* **DIRECTIONS**
Only the lines from the top of the listing below through the line containing "on transparent background" should be output, exactly and with no pictures.

[INFORMATION PROVIDED — start]

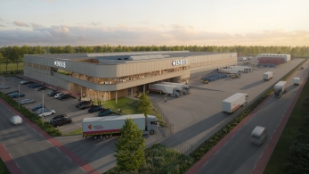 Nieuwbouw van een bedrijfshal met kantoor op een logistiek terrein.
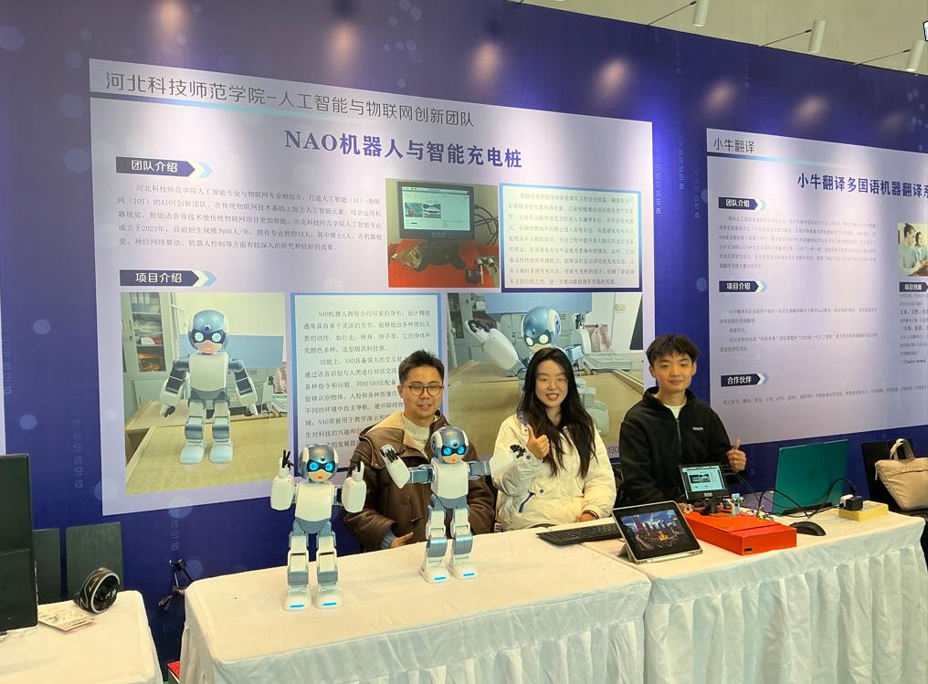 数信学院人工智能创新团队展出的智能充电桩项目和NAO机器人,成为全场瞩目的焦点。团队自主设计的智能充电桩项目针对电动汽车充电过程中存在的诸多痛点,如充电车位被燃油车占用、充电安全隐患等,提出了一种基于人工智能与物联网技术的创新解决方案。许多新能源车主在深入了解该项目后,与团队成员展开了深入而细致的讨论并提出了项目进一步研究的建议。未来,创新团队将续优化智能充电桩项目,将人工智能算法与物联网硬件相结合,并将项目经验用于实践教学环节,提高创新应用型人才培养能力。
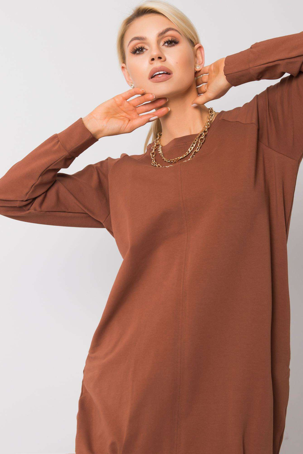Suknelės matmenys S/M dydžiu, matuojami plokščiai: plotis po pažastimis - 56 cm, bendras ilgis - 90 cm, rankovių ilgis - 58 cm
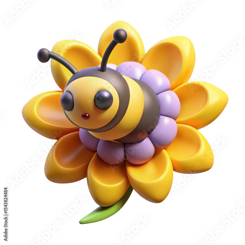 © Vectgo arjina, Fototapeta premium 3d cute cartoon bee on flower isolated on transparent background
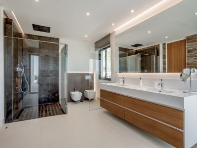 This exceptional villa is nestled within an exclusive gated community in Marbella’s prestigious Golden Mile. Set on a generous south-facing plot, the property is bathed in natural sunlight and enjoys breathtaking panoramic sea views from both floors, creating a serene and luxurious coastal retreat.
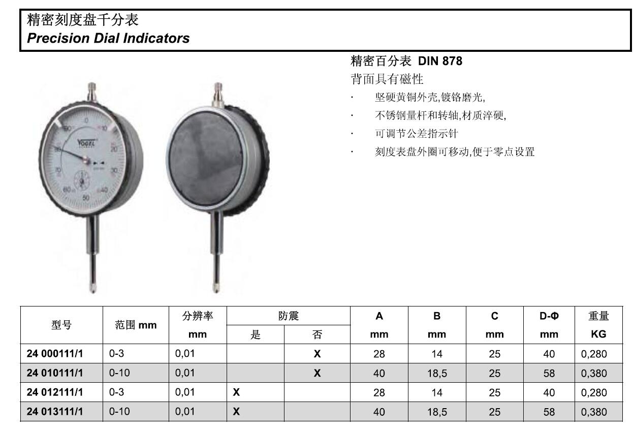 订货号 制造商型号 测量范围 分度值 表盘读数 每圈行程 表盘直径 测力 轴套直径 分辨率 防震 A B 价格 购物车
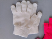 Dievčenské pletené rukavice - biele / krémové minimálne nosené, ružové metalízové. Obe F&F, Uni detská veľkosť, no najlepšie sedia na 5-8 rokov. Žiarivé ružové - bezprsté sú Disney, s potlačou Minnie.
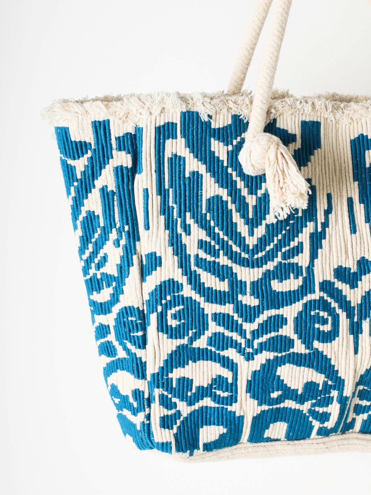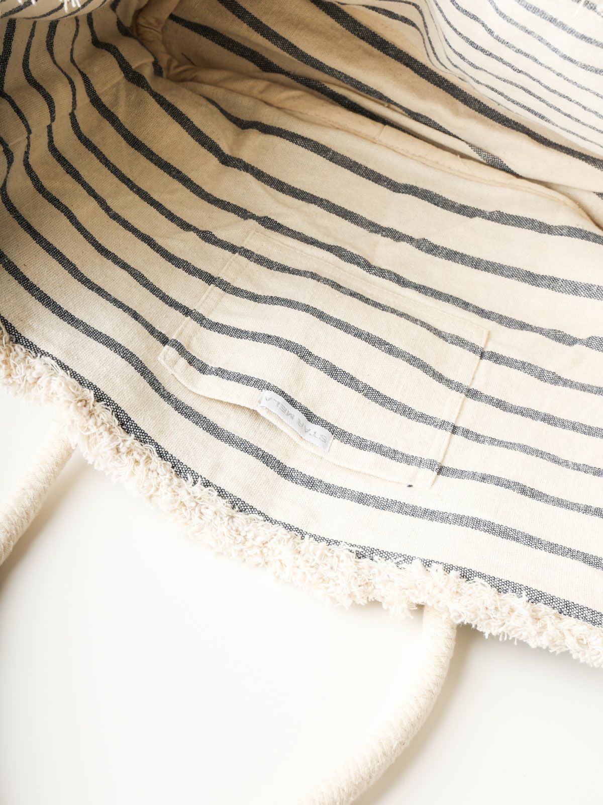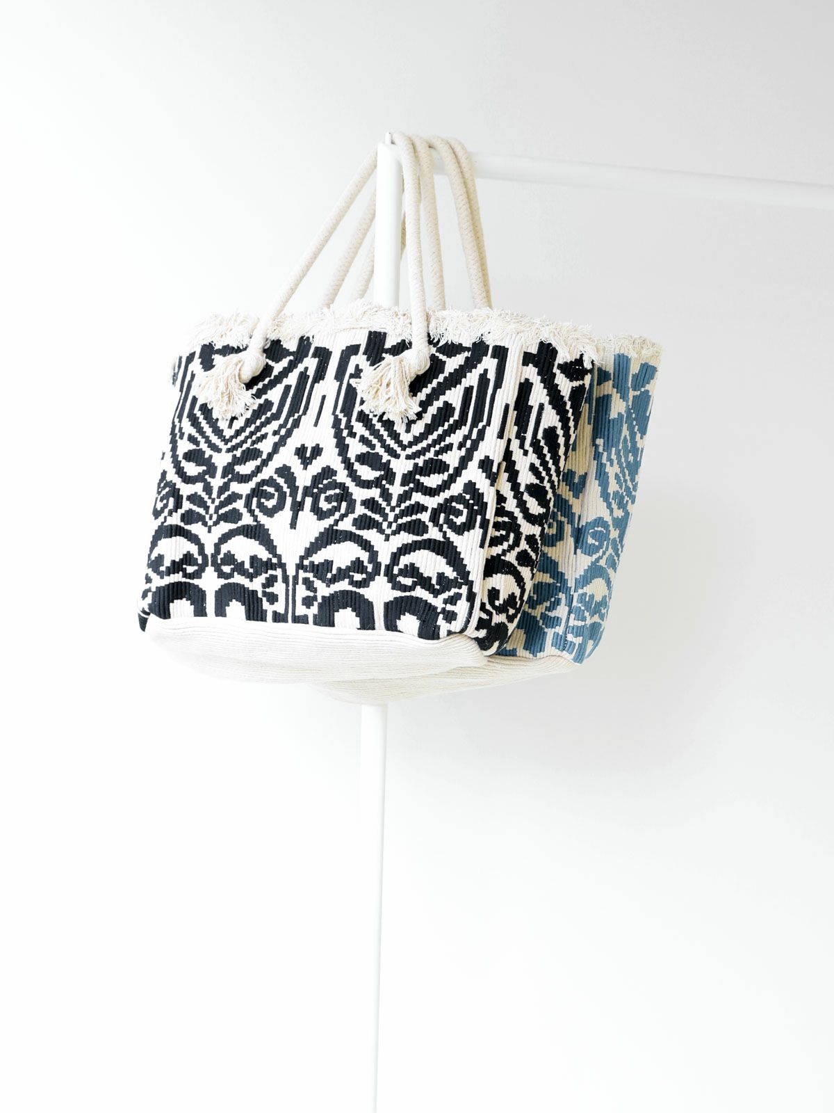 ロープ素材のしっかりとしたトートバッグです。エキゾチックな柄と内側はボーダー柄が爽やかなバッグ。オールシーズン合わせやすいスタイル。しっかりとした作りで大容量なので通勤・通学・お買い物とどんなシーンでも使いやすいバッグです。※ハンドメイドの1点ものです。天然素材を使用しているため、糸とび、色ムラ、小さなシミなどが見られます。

[INFORMATION PROVIDED — finish]

* **RESPONSE BOX**
 Nieuwbouw van een bedrijfshal met kantoor op een logistiek terrein.
 数信学院人工智能创新团队展出的智能充电桩项目和NAO机器人,成为全场瞩目的焦点。团队自主设计的智能充电桩项目针对电动汽车充电过程中存在的诸多痛点,如充电车位被燃油车占用、充电安全隐患等,提出了一种基于人工智能与物联网技术的创新解决方案。许多新能源车主在深入了解该项目后,与团队成员展开了深入而细致的讨论并提出了项目进一步研究的建议。未来,创新团队将续优化智能充电桩项目,将人工智能算法与物联网硬件相结合,并将项目经验用于实践教学环节,提高创新应用型人才培养能力。
Suknelės matmenys S/M dydžiu, matuojami plokščiai: plotis po pažastimis - 56 cm, bendras ilgis - 90 cm, rankovių ilgis - 58 cm
 © Vectgo arjina, Fototapeta premium 3d cute cartoon bee on flower isolated on transparent background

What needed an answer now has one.